Conclusion 6: Risk communication about extreme weather-climate and multiple/sequential events is inadequate for contemporary experiences and preparation for future conditions.
The severity of many of the disaster impacts in 2020–2021 exceeded expectations. To better accommodate the unanticipated requires more expansive risk assessment procedures. Imagine the unimaginable. Communicating around today’s events already falters. With a changing climate, the potential for rare events only increases. Preparing for the inevitable requires improved public warnings and exercises. This must be predicated on a growing level of community trust that can only be gained through enhanced transparency, inclusiveness, and multiple levels of participatory information sharing.

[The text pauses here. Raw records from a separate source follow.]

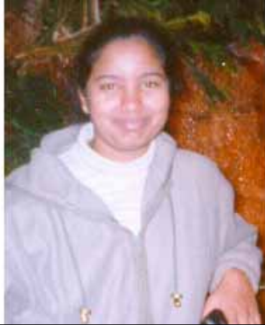
తను పంపిన మొదటి ఫోటో

ఆవిధంగా నంబరు చేతికి రాగానే..తమాషాగా.. 'మనీ' లోని పాట గుర్తొచ్చింది.. 'దెన్ స్టార్లెడ్ ట్రబుల్.. ' అని..! ఫోన్ చేసి మాట్లాడాలి.. ఏం మాట్లాడాలి..!? ఎప్పుడూ..ఎక్కువగా ఎవరూ అమ్మాయిలతో మాట్లాడలేదు.. సరే..అనుకుని పెద్ద ప్రపరేషన్నూ, స్క్రిప్టులూ ఏమీ లేకుండా.. ఫోన్ తీసుకుని డయల్ చేశాను.. 'ఎంతసేపు మాట్లాడుతాంలే.. మహా ఐదు నిమిషాలు..' అనుకున్నది 'హలో..' నుంచీ మొదలు పెట్టి మళ్ళీ ఈ లోకంలోకి వచ్చేసరికి సరిగ్గా గంట దాటింది. ఇంతసేపు ఓ కొత్త అమ్మాయితో మాట్లాడింది నేనేనా..అని ఆశ్చర్యం వేసింది..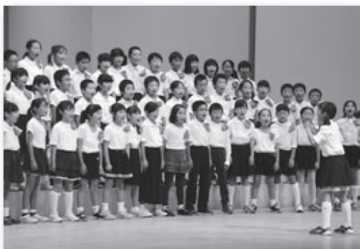
▲中央小学校4年生の合唱

第11回小中学校音楽会が町民会館さくらホールで開催されました。町内6小学校の児童による合唱や南部中学校弦楽部、北部中・幸田中学校吹奏楽部の演奏が披露されました。ステージに上がった児童・生徒たちは、堂々とした姿でこれまで練習してきた成果を発揮し、集まったお客さんたちから大きな拍手を送られていました。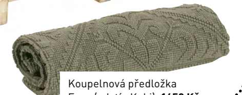
Koupelnová předložka Enzo (odstín Kaki), 1650 Kč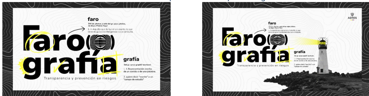
Ilustración 2: Concepto creativo campaña fotografía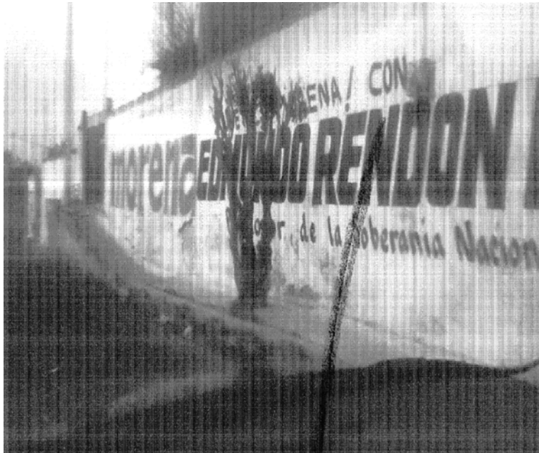
“FOTOGRAFÍA # 5: UBICADA ENTRE LAS CALLES 5 NORTE Y 5 PONIENTE, SOBRE LA CARRETERA FEDERAL HUAMANTLA-PUEBLA, MUNICIPIO DE ZITLALTEPEC DE TRINIDAD SÁNCHEZ SANTOS, TLAXCALA.”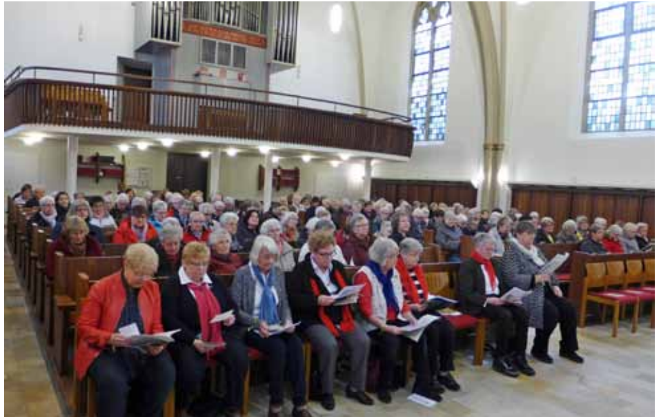
Vollbesetzte Jakobi-Kirche zum Weltgebetstag

I n über 170 Ländern der Welt wird immer am ersten Freitag im März ein besonderer Gottesdienst gefeiert. Vor über 130 Jahren taten sich christliche Frauen in den USA und Kanada im Sinne internationaler Frauensolidarität zusammen. Aus ihrem konfessions-übergreifenden Gebet ist die größte ökumenische Bewegung weltweit entstanden.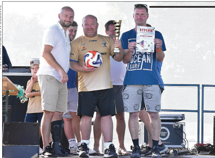
W turnieju tryumfowała drużyna Poltent Interu Krostoszowice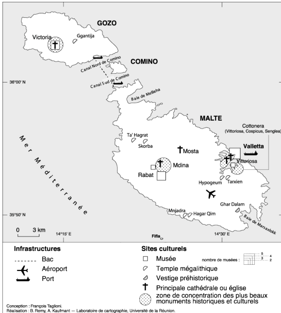
Carte 4. Les sites culturels dans l'archipel de Malte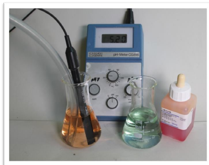
Abb. 2 - Links: Kohlenstoffdioxidgas wurde in Natriumchloridlösung eingeleitet. Der pH-Wert ist gesunken. Rechts: pH-neutrale Vergleichslösung.

Beobachtung: Beide Lösungen sind am Anfang grün. Bei Einleiten von Kohlenstoffgas färbt sich die Lösung gelb. Das pH-Meter zeigt nach wenigen Minuten konstant einen pH von 5.2 an.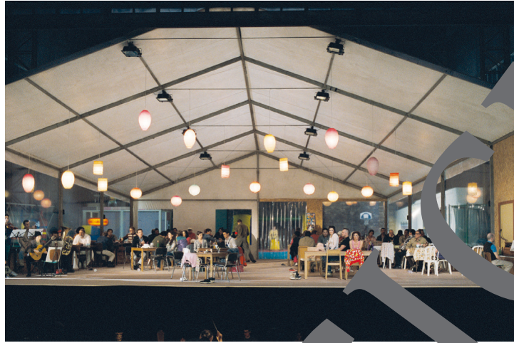
Wirtshausszene aus „Wozzeck“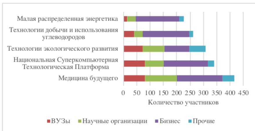
Рис. 4 – Количественный состав участников РТП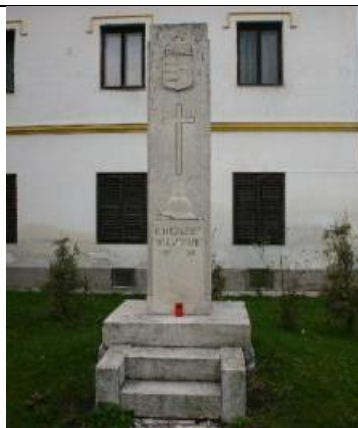
Első világháborús emlékoszlop a rk. parókia udvarán (Újhelyi tér hrsz.:66.)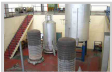
Hornos de recocido de fleje Ebner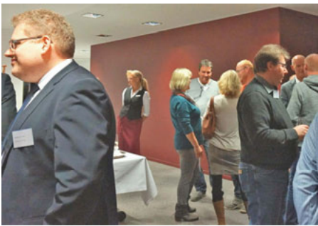
Sponsorenabend vom 9.11.2017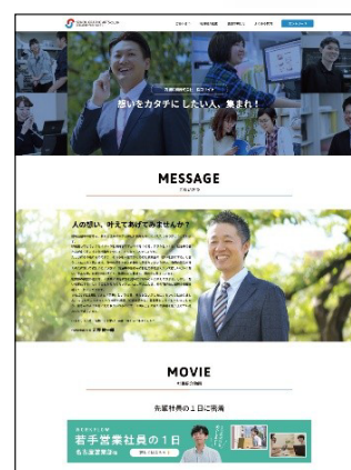
西濃印刷株式会社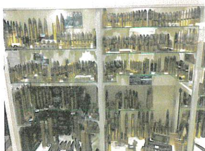
Une vitrine avec des munitions

Nous avons vu des armes comme des fusils, des obus, des munitions et un canon reconstitué à l'entrée du Fort.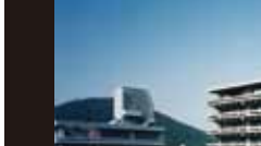
香川県庁舎 [1958年] TM 丹下健三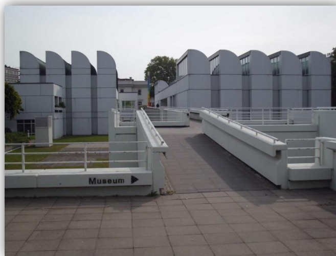
Abbildung 1: Bauhaus-Archiv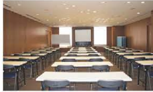
■多目的スペース (レイアウト例)学校式(30坪)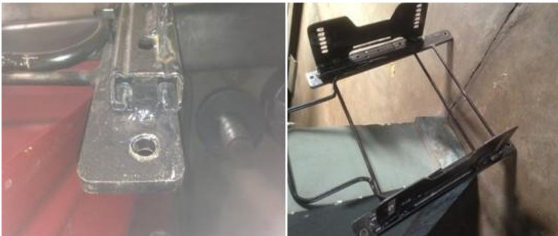
Suporte do Banco com regulagem (Sugestão)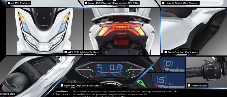
■ e-HEV Emblem ■ New USB Charger (Max output 5V 2.1A) ■ Honda Smart Key System

Teknologi ini didukung oleh baterai Lithium-Ion yang menghasilkan akselerasi lebih responsif saat tuas gas diputar secara spontan untuk memberikan kenikmatan berkendara di segala situasi.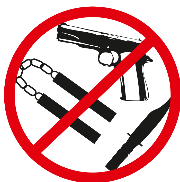
Waffen, gefährliche Gegenstände weapons, dangerous objects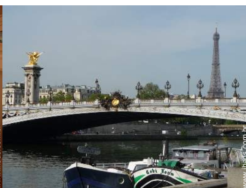
vista de porto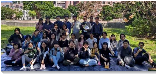
▲學生們陪同新人出外相調

一會所聖徒服事台北市立大學博愛校區。學期初學生們領受校園開展的負擔，開學前藉著學生中幹成全以及期初特會，看見福音不是『人為神發熱心，乃是神給人的託付』。福音的負擔，就是主基督自己。這相當轉變我們對福音的觀念，在眾人的禱告中，福音節期不是向主求外面的果效，或經歷神蹟奇事，而是裏面被基

Public reliance on both traditional media (newspapers and television/radio news) has declined, and disinformation and misinformation are more pervasive and influential today than ever before (Pew Charitable Trust, 2023). Public officials and community leaders observed that misinformation made their jobs more difficult and contributed to frustration and erosion among trust of those in need of assistance. While social media played a vital role in disseminating information about impending weather-climate events and response efforts, these outlets also provided a medium for the distribution of misleading and inaccurate information. The erosion of trust among public health and disaster professionals and the communities they serve was evident in the case of information about COVID-19, which in turn led to skepticism toward authorities in the wake of other weather-climate events. Absent the COVID-19 pandemic, this situation might not have occurred. Panelists recommended the development and implementation of processes for contending with misinformation and disinformation such as trust building and participatory planning.
Conclusion 7: Health care and public health systems will require increased adaptive capacity to respond to diverse challenges posed by compounding disasters.
The nature of the hazards encountered influences the impacts on population health, health systems, and public health services. Even as extreme weather-climate events damage facilities and disrupt access to health care, emerging disease outbreaks require physically intact facilities so that services can be rapidly shifted to communicable disease care, and local public health capacity can be maintained.